Our Room With A View ... at UNC Hospital

Last Thursday night, we were getting the kids ready for bed.  My husband got Piper in her pajamas, and I set up her PD machine.  Big sister was in her room doing her bedtime preparations (tucking in her baby dolls, preparing her books to read in the morning ...  you know, important stuff!)  When I finished, I ran downstairs for a few minutes to take care of some things.  When I came back up to Piper's room to get her in bed, she was already laying in bed.  She had removed the cap from her PD line, threw it in the trash can, and then crawled in bed.  She laid there so proud of herself.  I think she truly thought she was helping us out!  ...  For those who don't know, anytime the PD line cap is removed, everyone should be wearing medical masks, the doors should be closed, your hands should have been adequately scrubbed, the vents shouldn't be blowing air ....  (the list goes on).  Essentially, this was very very very bad, and if any bacteria got on her line, it could create a horrible infection (peritonitis) in her peritoneal cavity.  Again, this would be very bad!  We immediately had to call the doctors.  They advised to not do her nightly dialysis, and come into the office first thing in the morning.

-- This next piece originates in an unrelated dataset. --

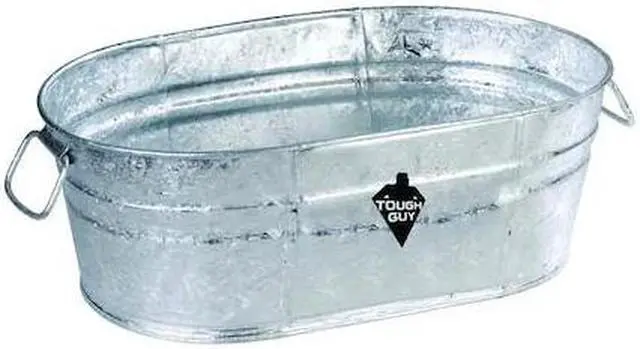 Utility Tub, Bucket Capacity 4 gal, Bucket/Pail Dia. 19 in, Bucket/Pail Length 22 in, Bucket/Pail Width 11 in, Color Coding System No, Color Silver, Material Galvanized Steel, Shape Oval. This item has been restricted from sale in the following state (s): []
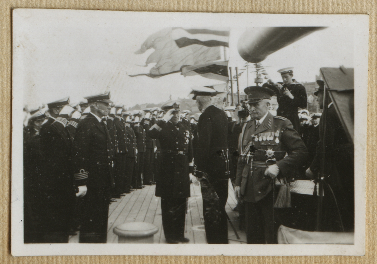 Bilden visar en amiral och sjöofficerare som har tagit uppställning ombord på pansarskeppet Sverige och hälsar kung Gustav V. I bakgrunden syns ett flertal fotografer som dokumenterar händelsen. I förgrund står en general med många ordnar och medaljer.

The next morning, we drove the hour it takes to get to the UNC dialysis clinic.  They drew a culture, and they felt that it looked cloudy.  Cloudy typically means peritonitis.  They sent us straight to the hospital to be admitted.  She did not have any other signs of infection, but we reluctantly went on to the hospital.  We sat for several hours in the lobby waiting to be admitted.  (not easy with an antsy 3 yo who really needs her nap right after lunch each day)  They finally got her in a room late that afternoon.  It was a room with a view.  I could see the entire parking garage, and our van was parked on the top floor so I could watch it.  Oh, and behind all of the parking garages, there actually was a nice view of rolling hills in the distance.

We did as we were advised, and we spent the night.  They watched her closely.  She never showed any other signs of an infection.  She had no fever.  Her appetite was better than usual.  She was running, jumping, climbing, and filled with energy.  This kid was fine.  The next day, we told the doctors that we were ready to take her home.  There wasn't anything they could do at the hospital but watch her.  We can watch her at home for free.  So, they weren't pleased, but we came to a compromise, and they approved her discharge.

We called in on Sunday evening for the official results of the culture.  It was negative.  She did not have peritonitis!!!!  So, we felt good.  We did the right things.  We made the right decisions.  We thank God for His protection.

This Wednesday Piper has her first appointment at Duke.  I'm very excited to have this transition complete, and find out what our next steps are.